Хейс виновато глянул на Харальда.

– Похоже, у школы нет выбора, не так ли?

– Да, господин директор.

Хейс перевел взгляд на Петера.

– Что ж, ничего не поделаешь. Я отчислю его.

– Рад, что мы пришли к разумному соглашению. – Петер довольно улыбнулся. – Держись подальше от неприятностей, юный Харальд, – произнес он нравоучительным тоном и поднялся.

Харальд отвел глаза.

Петер и Хейс попрощались за руку.

– Что ж, благодарю вас, инспектор, – сказал Хейс.

– Рад помочь, – откланялся Петер.

Харальд перевел дух. Фу, вроде бы обошлось. Дома ему, что и говорить, устроят головомойку, но главное, что эта дурацкая выходка не навредит Поулю Кирке и Сопротивлению.

– Случилось ужасное, Олафсен, – промямлил Хейс.

– Понимаю, вел себя как дурак…

– Я не об этом. По-моему, ты знаком с двоюродным братом Мадса Кирке.

– С Поулем? Да. – Харальд опять насторожился. Неужели Хейс прознал про его связь с Сопротивлением? – А что такое?

– Он попал в авиакатастрофу.

– Господи! Да я летал с ним только несколько дней назад!

– Это произошло вчера вечером в летной школе…

– И что?!

– Мне очень жаль, но Поуль Кирке погиб.

Глава 9

– Погиб? – надтреснутым голосом переспросил Герберт Вуди. – Как он мог погибнуть?

– Его «тайгер мот» разбился, – сердито отозвалась Хермия, у которой от слез щипало глаза.

– Чертов олух, – брюзгливо прогудел Вуди. – Поставил все под угрозу.

Хермию даже передернуло.

«Дать бы ему оплеуху хорошую, этому тупице!» – подумала девушка.

Они сидели в кабинете Вуди в Бличли-парке. С ними был Дигби Хоар. Хермия уже доложила, что послала Поулю шифровку с просьбой найти свидетельства о наличии радара на острове Санде.

– Ответ пришел от Йенса Токсвига, одного из помощников Поуля. – Она старалась придерживаться фактов и казаться спокойной. – Как обычно, сообщение переслали через британское представительство в Стокгольме, однако Йенс даже не зашифровывал его – он ведь кода не знает. Пишет, что в официальных данных авиакатастрофа проходит как несчастный случай, но на самом деле Поуль пытался уйти от полиции и самолет сбили.

– Бедняга! – вздохнул Дигби.

– Сообщение доставили сегодня утром, – продолжила Хермия. – Я как раз собиралась доложить вам об этом, мистер Вуди, когда вы послали за мной. – На самом деле она сидела у себя в «сапожке» и плакала. Вообще Хермия была не из слезливых, но тут удержаться не смогла – так жаль было Поуля, молодого, веселого, красивого. Хуже того, она ставила себе в вину его гибель. Кто, как не она, попросил его шпионить за немцами?
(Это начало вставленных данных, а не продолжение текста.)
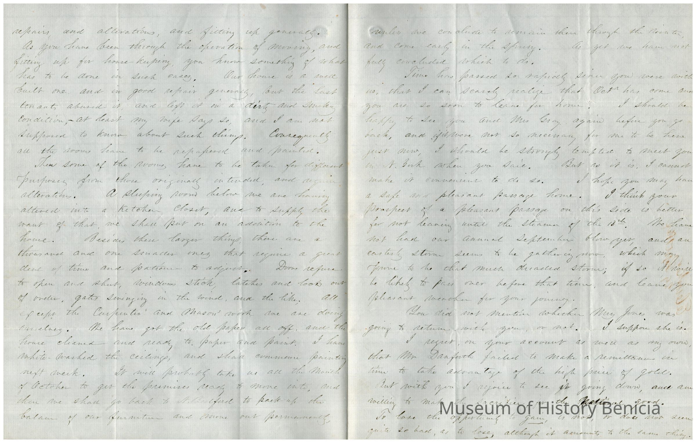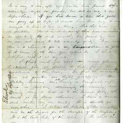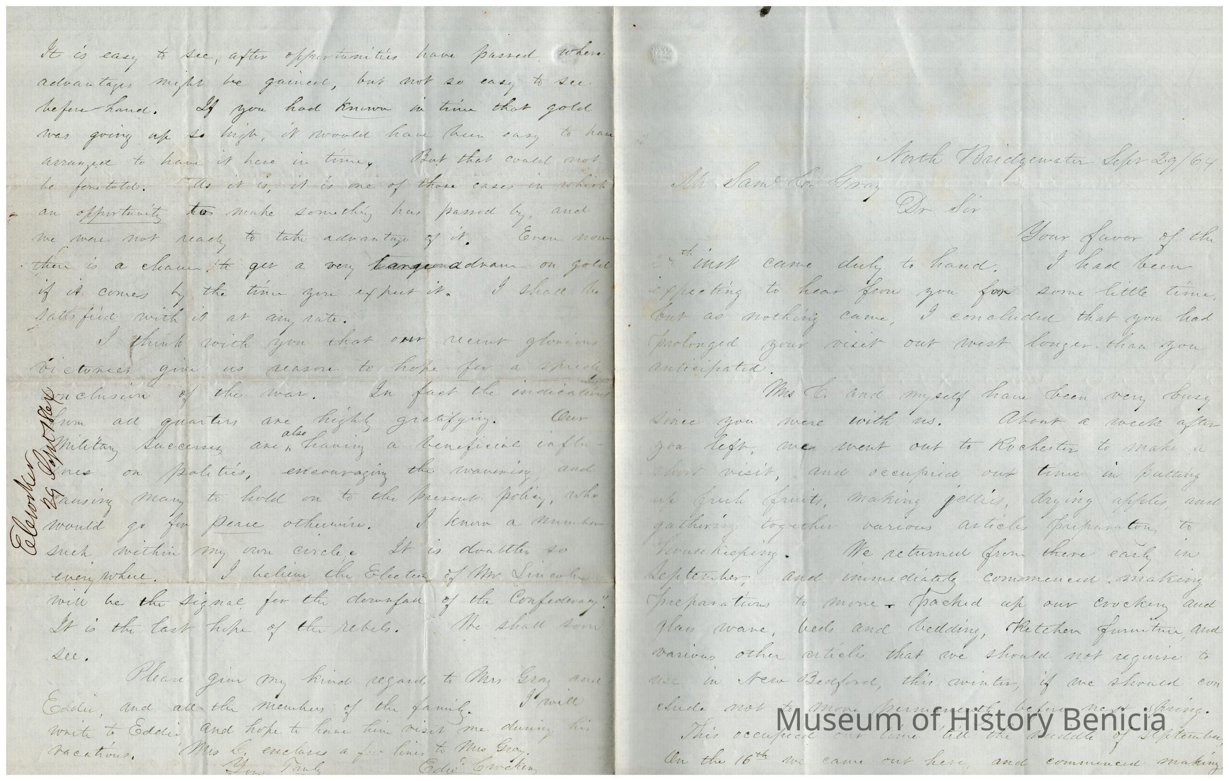 Edward Crocker talks about his coming move to New Bedford from North Bridgewater and the things they have been doing to keep busy. He discusses the high price of gold and the fact that it is now coming down. He wishes they could have known about the rising price but is glad for the country that the price is falling. (Gold price in 1864 was $47.02 and was less than half that amount , $20.67, in 1861.)

Он с благородной готовностью согласился, и вот его нет на свете. Думала о родителях Поуля, о двоюродном брате Мадсе, оплакивала их тоже. И больше всего на свете ей хотелось завершить дело, которое он начал, чтобы убийцам в итоге не было повода торжествовать.

– Мне очень жаль, – сказал Дигби, сочувственно приобняв Хермию за плечи. – Многие сейчас погибают, но особенно больно, когда это твои друзья или знакомые.

Она кивнула. Дигби сказал слова простые и очевидные, но именно те, что нужно. До чего ж хороший человек… Но тут Хермия вспомнила, что у нее есть жених, и усовестилась. Просто беда, что нельзя повидаться с Арне. Стоит поговорить с ним, прикоснуться к нему, и ее любовь вспыхнет с новой силой, и она станет неуязвима перед обаянием Дигби.

– Ну и с чем теперь мы остались? – спросил Вуди.

Хермия собралась с мыслями.

– Йенс пишет, что участники «Ночного дозора» решили залечь на дно, по крайней мере на время, пока не прояснится, до чего докопалась полиция. Так что, если прибегнуть к вашему выражению, в Дании мы остались без всяких источников информации.

– Что выставляет нас не в самом выгодном свете, – подвел итог Вуди.

– Тоже мне печаль! – фыркнул Дигби. – Нацисты создали мощнейшее оружие, вот что важно. Мы-то думали, что далеко обошли их с радаром, а теперь оказалось, он у них есть, причем гораздо эффективнее нашего. Не о том надо думать, как вы выглядите, а о том, как бы узнать побольше!

Вуди сверкнул глазом, но промолчал.

– А другие источники разведданных задействовать нельзя? – поинтересовалась Хермия.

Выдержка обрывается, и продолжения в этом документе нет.